水産医薬品の投与にあたっては、獣医師の処方せんを必要とする動物用医薬品と異なり、その使用が規制されておらず、「疾病防止」の名目の下に安易に使用される懸念があります。そのため、水産用医薬品の食品への残留問題等、人の健康保護を確保する観点から、使用規制を強化する事が必要です。併せて、養殖漁業等について、使用記録の義務化をはじめ、投与時の使用管理や監視の仕組みを強化することが必要と考えます。

4.家畜伝染病について

BSEの死亡牛検査の拡大をはじめとする、各種対策を進めること

BSE対策として、死亡牛の検査が行われますが、施行にあたっては、病気死亡牛を始めとする全ての死亡牛の検査が実施される様に運用を徹底することが必要です。また、牛以外のBSEに伝達する可能性の高い、羊等の死亡家畜の検査実施、早期診断方法の確立と実用化など、各種BSE対策を進めることが必要と考えます。

5.牛肉のトレーサビリティについて

【1】消費者の信頼を裏切らないために、制度開始にあたっては、小売段階でのルールの明確化と確実な措置の実施が行われること

現在までの検討状況に関する資料を見る限り、うす切りや切り落とし、こまぎれ、ミンチ等の混合品への対応といった加工・販売段階の様々な事例への対応等、今後検討すべきと考えられる点が多々あり、このままの制度運用では、消費者の信頼を得るシステムとなり得るか疑問が残ります。制度開始にあたっては、上記の点を含め、枝肉・部分肉以降の小売段階でのルールの明確化と確実な実施が必要と考えます。

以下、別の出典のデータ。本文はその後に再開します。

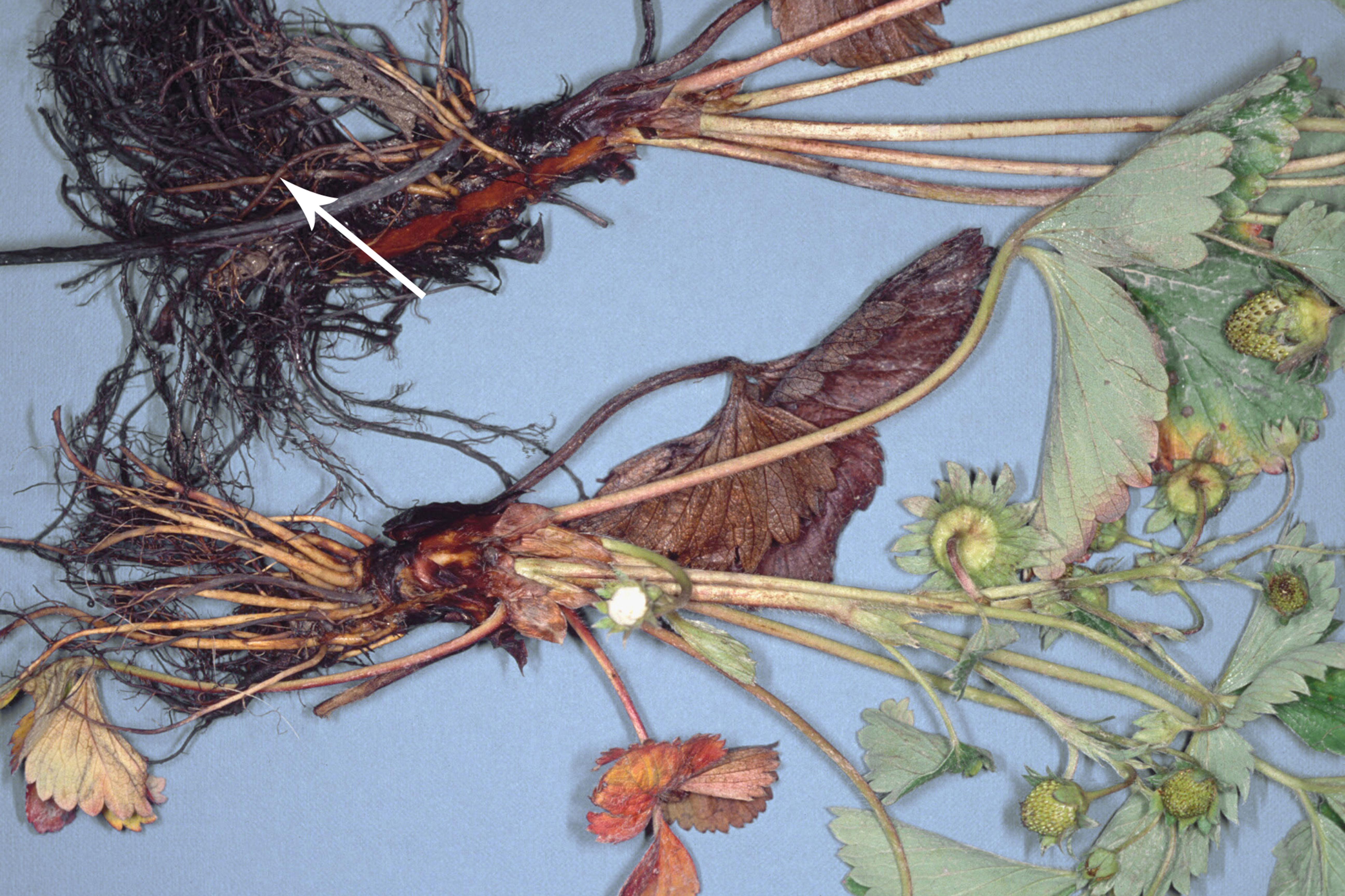 Légende: Comparaison entre un système racinaire de fraisier sain et affecté

【2】牛肉以外のトレーサビリティの仕組みについても検討が行なわれること

牛肉については、今回法制度化の検討が進められていますが、牛以外の食肉を始め、その他の食品への実用化についても、併行して検討を行なうことが必要です。

なお、その場合には、仕入れ等の記帳及び保管の義務化、行政から閲覧要求があった時点での開示について、事業者等に徹底することが第一条件であると考えます。